Thankful dropped the patchwork comforter.
"Who's that?" she asked, sharply.
There was no answer. No sounds except those of the storm. Thankful picked up the comforter.
"Humph!" she said aloud—talking to herself was a habit developed during the years of housekeeping for deaf old Mrs. Pearson. "Humph! I must be gettin' nerves, I guess."
She began folding the old quilt in order to make it easier to carry downstairs. And then she heard another groan, or sigh, or combination of both. It sounded, not outside the window or outside the house, but in that very room.
Again Mrs. Barnes dropped the comforter. Also she went out of the room. But she did not go far. Halfway across the floor of the adjoining room she stopped and put her foot down, physically and mentally.
"Fool!" she said, disgustedly. Then, turning on her heel, she marched back to the little bedroom and picked up the lantern; its flame had dwindled to the feeblest of feeble sparks.
"Now then," said Thankful, with determination, "whoever—or—or whatever thing you are that's makin' that noise you might just as well show yourself. If you're hidin' you'd better come out, for I'll find you."
But no one or no "thing" came out.

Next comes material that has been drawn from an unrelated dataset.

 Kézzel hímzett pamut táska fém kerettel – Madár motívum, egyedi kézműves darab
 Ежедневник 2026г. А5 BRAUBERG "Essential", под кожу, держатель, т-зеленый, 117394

Thankful waited a moment and then proceeded to give that room a very thorough looking-over. It was such a small apartment that the process took but little time. There was no closet. Except for the one window and the door by which she had entered, the four walls, covered with old-fashioned ugly paper, had no openings of any kind. There could be no attic or empty space above the ceiling because she could hear the rain upon the sloping roof. She looked under the bed and found nothing but dust. She looked in the bed, even under the rocking-chair.
"Well, there!" she muttered. "I said it and I was right. I AM gettin' to be a nervous old fool. I'm glad Emily ain't here to see me. And yet I did—I swear I did hear somethin'."
The pictures on the wall by the window caught her eye. She walked over and looked at them. The lantern gave so little light that she could scarcely see anything, but she managed to make out that one was a dingy chromo with a Scriptural subject. The other was a battered "crayon enlargement," a portrait of a man, a middle-aged man with a chin beard. There was something familiar about the face in the portrait. Something—
Thankful gasped. "Uncle Abner!" she cried. "Why—why—"
Then the lantern flame gave a last feeble sputter and went out. She heard the groan again. And in that room, the room she had examined so carefully, so close as to seem almost at her very ear, a faint voice wailed agonizingly, "Oh, Lord!"
Thankful went away. She left the comforter and the lantern upon the floor and she did not stop to close the door of the little bedroom. Through the black darkness of the long hall she rushed and down the creaky stairs. Her entrance to the sitting-room was more noisy than her exit had been and Miss Howes stirred upon the sofa and opened her eyes.
"Auntie!" she cried, sharply. "Aunt Thankful, where are you?"
"I'm—I'm here, Emily. That is, I guess—yes, I'm here."
"But why is it so dark? Where is the lantern?"
"The lantern?" Mrs. Barnes was trying to speak calmly but, between agitation and loss of breath, she found it hard work. "The lantern? Why—it's—it's gone," she said.
"Gone? What do you mean? Where has it gone?"
"It's gone—gone out. There wa'n't enough oil in it to last any longer, I suppose."
"Oh!" Emily sat up. "And you've been sitting here alone in the dark while I have been asleep. How dreadful for you! Why didn't you speak to me? Has anything happened? Hasn't that man come back yet?"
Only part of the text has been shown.